WHAT YOU ARE ASKED TO DO
In the data below, begin at the line with "可以看到120Hz刷新率模式" and stop after the line with "0092S40070 BOSCH Автомобільний"; output those lines exactly and no pictures.

-- EXTRACTED RECORDS follows --

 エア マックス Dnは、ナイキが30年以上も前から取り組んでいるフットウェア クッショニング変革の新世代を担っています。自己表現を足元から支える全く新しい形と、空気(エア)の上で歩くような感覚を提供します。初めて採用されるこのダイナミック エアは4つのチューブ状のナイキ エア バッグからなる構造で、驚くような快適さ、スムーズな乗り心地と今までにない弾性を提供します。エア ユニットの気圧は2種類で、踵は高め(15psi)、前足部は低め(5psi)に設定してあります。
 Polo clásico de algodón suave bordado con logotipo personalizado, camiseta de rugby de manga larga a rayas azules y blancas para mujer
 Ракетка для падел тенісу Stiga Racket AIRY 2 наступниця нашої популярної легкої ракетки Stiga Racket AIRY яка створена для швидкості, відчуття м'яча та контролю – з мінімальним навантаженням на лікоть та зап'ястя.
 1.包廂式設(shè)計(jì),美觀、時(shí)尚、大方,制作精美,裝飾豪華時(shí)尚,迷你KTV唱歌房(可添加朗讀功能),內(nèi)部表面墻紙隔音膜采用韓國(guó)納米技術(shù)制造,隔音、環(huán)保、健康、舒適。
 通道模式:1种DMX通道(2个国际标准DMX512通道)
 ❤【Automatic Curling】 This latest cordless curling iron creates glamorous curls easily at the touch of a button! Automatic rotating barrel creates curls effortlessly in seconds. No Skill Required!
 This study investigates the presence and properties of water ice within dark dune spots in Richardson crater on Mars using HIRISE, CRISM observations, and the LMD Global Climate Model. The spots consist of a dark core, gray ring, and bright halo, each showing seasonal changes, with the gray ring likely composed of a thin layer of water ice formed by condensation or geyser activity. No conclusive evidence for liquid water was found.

-- EXTRACTED RECORDS concluded --
-- EXTRACTED RECORDS follows --

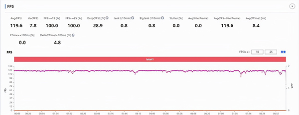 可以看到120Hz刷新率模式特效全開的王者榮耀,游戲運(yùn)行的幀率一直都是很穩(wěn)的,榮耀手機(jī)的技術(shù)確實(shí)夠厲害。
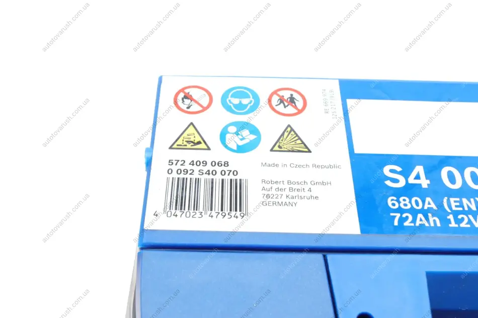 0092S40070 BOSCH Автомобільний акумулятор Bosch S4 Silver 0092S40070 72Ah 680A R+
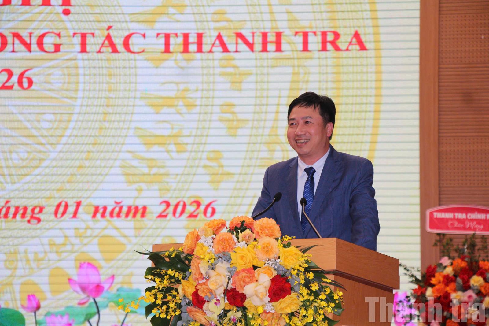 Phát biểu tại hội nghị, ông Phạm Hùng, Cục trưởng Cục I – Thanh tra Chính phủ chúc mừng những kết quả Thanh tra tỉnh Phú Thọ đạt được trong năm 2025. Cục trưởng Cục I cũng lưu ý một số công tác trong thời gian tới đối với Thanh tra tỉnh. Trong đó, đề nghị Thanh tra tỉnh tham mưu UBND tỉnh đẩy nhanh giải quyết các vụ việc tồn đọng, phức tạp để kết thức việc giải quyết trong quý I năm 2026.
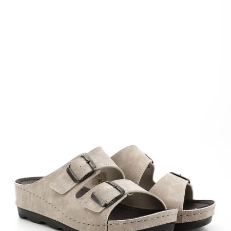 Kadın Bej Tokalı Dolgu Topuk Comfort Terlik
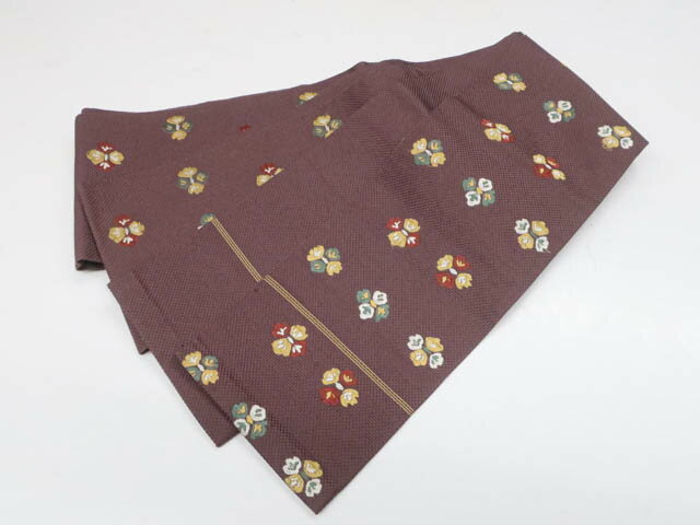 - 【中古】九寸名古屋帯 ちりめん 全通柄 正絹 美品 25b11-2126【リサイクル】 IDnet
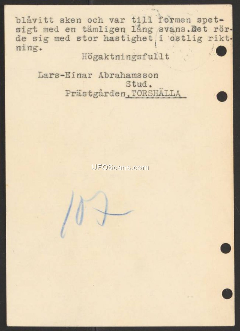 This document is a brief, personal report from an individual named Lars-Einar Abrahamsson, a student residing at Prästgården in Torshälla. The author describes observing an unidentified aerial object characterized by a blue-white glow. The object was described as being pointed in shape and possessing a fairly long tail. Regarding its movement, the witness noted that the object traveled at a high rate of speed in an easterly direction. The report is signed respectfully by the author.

-- EXTRACTED RECORDS concluded --

RESPONSE FOR THIS EXERCISE
 可以看到120Hz刷新率模式特效全開的王者榮耀,游戲運(yùn)行的幀率一直都是很穩(wěn)的,榮耀手機(jī)的技術(shù)確實(shí)夠厲害。
 0092S40070 BOSCH Автомобільний акумулятор Bosch S4 Silver 0092S40070 72Ah 680A R+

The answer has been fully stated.